From the line containing "O design traseiro faz" onward, every line of the entries is to be set down exactly, the last line included.
##### Record excerpts
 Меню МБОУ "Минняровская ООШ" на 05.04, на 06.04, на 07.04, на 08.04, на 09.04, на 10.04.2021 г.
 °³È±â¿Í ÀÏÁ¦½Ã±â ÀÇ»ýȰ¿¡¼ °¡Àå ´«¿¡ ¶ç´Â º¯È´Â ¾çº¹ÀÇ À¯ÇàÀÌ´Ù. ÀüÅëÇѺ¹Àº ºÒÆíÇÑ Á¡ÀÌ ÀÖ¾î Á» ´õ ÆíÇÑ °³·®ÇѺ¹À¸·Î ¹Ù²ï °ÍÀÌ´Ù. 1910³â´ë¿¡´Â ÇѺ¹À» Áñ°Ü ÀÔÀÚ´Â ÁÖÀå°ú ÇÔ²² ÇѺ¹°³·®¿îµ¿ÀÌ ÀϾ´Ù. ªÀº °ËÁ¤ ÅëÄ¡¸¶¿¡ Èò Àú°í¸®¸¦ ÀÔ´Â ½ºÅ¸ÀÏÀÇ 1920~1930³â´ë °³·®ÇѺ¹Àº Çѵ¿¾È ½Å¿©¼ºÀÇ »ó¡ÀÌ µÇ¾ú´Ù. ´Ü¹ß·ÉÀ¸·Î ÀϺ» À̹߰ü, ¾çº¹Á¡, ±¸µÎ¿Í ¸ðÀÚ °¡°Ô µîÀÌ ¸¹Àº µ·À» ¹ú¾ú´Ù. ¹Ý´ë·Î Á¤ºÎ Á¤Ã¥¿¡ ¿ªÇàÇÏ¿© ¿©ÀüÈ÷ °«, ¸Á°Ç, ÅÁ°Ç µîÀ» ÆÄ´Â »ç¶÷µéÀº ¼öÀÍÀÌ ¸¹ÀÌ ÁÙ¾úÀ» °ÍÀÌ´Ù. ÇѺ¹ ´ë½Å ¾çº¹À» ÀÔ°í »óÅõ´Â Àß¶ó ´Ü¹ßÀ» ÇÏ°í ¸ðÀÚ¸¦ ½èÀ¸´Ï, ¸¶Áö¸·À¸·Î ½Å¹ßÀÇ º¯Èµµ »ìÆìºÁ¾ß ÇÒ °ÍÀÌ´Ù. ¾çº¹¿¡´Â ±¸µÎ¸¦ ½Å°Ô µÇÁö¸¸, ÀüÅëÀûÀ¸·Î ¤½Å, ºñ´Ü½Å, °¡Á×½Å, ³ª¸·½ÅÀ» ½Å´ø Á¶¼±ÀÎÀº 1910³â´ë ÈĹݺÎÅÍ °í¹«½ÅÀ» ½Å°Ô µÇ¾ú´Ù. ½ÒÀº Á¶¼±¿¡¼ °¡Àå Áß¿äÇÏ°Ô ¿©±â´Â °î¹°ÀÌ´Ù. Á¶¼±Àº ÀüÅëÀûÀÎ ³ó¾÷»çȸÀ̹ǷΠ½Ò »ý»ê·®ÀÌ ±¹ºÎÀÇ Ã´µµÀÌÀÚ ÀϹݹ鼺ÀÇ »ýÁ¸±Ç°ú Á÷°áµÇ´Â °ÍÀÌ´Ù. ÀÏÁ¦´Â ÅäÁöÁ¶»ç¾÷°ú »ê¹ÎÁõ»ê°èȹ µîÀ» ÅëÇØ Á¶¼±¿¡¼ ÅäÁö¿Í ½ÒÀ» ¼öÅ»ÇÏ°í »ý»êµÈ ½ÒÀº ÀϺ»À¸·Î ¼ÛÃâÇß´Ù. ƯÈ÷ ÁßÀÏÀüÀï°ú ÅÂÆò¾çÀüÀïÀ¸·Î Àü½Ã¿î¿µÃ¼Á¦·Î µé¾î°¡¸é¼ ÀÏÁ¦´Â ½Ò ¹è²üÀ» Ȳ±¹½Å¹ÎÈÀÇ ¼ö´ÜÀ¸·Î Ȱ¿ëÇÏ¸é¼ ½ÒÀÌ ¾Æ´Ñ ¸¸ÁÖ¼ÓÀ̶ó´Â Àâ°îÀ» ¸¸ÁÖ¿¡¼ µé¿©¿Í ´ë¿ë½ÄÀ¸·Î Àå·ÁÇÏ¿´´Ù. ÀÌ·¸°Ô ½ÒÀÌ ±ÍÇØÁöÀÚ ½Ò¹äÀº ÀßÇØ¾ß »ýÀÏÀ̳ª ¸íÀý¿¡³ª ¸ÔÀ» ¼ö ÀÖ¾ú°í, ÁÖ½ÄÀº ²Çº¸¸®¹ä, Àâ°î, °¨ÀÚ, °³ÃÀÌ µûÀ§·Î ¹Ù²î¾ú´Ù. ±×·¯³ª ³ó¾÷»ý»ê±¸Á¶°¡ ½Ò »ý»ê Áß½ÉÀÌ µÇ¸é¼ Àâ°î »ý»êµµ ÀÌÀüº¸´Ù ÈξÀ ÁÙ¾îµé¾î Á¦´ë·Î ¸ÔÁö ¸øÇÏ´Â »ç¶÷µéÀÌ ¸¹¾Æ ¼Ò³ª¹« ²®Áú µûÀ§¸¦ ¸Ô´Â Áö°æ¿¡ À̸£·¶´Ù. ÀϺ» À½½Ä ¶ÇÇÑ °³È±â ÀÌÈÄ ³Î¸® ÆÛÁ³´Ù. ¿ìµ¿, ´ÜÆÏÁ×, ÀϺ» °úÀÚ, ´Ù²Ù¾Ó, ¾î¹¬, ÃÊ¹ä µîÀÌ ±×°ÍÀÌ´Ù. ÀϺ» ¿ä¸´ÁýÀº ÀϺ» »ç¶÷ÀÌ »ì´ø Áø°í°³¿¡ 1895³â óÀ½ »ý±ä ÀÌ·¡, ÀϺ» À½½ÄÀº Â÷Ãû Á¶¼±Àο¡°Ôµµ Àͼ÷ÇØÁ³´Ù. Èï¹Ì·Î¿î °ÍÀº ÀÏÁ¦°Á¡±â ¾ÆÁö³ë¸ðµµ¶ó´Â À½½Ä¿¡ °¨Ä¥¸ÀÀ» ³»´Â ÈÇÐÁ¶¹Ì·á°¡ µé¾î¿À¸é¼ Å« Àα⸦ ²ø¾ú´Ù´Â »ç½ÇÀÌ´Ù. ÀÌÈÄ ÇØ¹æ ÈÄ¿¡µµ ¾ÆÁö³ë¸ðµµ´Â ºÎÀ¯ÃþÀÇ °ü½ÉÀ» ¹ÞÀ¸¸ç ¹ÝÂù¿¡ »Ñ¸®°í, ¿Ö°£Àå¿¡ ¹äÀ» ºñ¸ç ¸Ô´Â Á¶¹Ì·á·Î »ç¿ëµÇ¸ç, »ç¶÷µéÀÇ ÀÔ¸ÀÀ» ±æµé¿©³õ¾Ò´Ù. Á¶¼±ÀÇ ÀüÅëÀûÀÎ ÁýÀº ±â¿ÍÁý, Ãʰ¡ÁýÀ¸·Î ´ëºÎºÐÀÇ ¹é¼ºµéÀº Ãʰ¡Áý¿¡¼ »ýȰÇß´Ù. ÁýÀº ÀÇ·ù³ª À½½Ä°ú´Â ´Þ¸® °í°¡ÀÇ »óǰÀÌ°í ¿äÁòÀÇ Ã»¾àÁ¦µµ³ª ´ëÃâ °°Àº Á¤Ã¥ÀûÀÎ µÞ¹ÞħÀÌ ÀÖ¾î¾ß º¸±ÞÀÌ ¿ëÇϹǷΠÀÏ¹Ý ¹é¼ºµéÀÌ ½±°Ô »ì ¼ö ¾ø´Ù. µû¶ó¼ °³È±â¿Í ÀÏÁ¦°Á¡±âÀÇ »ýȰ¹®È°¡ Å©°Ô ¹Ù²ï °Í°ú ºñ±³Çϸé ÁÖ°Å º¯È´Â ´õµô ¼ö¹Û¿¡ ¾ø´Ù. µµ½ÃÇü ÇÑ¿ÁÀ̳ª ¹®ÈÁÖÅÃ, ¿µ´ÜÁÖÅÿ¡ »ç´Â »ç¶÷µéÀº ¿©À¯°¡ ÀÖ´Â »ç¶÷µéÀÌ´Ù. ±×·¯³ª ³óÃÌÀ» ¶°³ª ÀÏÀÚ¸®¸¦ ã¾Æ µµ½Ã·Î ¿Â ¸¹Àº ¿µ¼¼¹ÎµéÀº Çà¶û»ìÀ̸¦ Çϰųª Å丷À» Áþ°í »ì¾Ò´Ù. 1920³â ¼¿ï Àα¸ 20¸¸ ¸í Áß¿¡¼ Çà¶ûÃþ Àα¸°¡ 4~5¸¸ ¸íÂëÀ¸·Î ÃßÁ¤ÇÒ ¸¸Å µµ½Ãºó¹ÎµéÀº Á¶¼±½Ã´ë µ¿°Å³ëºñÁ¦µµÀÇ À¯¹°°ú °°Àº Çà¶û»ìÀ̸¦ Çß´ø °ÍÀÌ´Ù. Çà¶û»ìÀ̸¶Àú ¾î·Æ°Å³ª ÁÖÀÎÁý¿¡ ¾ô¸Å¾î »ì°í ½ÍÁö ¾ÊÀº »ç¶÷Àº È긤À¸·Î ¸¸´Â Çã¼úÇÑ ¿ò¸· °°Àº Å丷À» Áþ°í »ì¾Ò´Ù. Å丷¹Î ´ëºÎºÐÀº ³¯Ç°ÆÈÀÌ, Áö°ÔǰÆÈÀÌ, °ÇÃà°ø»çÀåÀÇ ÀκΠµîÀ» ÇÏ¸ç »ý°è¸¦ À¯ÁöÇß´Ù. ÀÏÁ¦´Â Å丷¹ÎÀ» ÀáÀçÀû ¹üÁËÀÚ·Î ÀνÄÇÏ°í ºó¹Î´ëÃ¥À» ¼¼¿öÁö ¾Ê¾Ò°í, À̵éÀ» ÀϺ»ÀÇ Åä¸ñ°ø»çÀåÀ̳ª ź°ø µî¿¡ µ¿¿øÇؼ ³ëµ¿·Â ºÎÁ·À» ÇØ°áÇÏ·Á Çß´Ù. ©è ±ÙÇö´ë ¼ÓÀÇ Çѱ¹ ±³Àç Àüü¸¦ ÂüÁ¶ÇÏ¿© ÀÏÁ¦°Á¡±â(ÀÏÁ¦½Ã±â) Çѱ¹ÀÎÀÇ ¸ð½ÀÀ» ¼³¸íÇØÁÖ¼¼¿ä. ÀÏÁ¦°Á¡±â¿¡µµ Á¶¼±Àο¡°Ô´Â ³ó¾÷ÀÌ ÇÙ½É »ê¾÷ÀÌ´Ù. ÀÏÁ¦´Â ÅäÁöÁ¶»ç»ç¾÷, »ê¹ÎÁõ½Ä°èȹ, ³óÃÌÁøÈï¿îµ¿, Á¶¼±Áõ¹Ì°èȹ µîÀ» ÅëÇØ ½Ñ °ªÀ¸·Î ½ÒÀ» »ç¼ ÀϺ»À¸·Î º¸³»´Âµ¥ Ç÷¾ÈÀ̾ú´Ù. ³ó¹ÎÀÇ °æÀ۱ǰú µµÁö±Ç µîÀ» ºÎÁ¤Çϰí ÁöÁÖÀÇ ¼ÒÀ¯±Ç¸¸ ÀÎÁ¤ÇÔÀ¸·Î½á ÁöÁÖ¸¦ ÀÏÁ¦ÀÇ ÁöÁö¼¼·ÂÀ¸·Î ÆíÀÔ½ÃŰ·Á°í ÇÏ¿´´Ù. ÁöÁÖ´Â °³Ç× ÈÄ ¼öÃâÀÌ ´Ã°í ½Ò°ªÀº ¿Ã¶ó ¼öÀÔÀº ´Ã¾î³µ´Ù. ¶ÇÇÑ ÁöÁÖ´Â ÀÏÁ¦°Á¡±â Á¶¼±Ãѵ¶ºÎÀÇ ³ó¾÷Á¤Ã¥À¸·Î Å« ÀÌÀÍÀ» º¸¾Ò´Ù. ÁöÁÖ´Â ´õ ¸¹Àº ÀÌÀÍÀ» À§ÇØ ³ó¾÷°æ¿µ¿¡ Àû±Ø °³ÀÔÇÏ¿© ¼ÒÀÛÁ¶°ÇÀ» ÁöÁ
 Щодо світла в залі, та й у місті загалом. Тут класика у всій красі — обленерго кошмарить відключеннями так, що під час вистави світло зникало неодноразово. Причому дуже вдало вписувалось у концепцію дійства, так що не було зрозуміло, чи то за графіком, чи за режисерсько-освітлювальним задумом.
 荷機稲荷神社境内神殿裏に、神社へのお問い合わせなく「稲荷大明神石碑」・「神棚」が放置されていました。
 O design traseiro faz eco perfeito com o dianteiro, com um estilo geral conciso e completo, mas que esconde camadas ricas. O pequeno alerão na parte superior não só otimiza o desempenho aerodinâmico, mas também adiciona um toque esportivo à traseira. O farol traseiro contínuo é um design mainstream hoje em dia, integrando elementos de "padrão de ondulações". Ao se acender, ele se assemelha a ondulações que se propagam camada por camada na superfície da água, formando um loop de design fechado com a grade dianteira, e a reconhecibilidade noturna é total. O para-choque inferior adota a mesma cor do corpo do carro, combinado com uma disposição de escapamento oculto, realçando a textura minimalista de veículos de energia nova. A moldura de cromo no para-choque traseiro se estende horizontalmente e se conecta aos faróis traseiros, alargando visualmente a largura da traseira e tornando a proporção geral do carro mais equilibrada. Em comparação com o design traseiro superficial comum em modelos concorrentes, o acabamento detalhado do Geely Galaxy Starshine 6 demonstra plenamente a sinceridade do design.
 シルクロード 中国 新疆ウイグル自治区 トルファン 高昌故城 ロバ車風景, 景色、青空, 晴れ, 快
##########
Written response:
 O design traseiro faz eco perfeito com o dianteiro, com um estilo geral conciso e completo, mas que esconde camadas ricas. O pequeno alerão na parte superior não só otimiza o desempenho aerodinâmico, mas também adiciona um toque esportivo à traseira. O farol traseiro contínuo é um design mainstream hoje em dia, integrando elementos de "padrão de ondulações". Ao se acender, ele se assemelha a ondulações que se propagam camada por camada na superfície da água, formando um loop de design fechado com a grade dianteira, e a reconhecibilidade noturna é total. O para-choque inferior adota a mesma cor do corpo do carro, combinado com uma disposição de escapamento oculto, realçando a textura minimalista de veículos de energia nova. A moldura de cromo no para-choque traseiro se estende horizontalmente e se conecta aos faróis traseiros, alargando visualmente a largura da traseira e tornando a proporção geral do carro mais equilibrada. Em comparação com o design traseiro superficial comum em modelos concorrentes, o acabamento detalhado do Geely Galaxy Starshine 6 demonstra plenamente a sinceridade do design.
 シルクロード 中国 新疆ウイグル自治区 トルファン 高昌故城 ロバ車風景, 景色、青空, 晴れ, 快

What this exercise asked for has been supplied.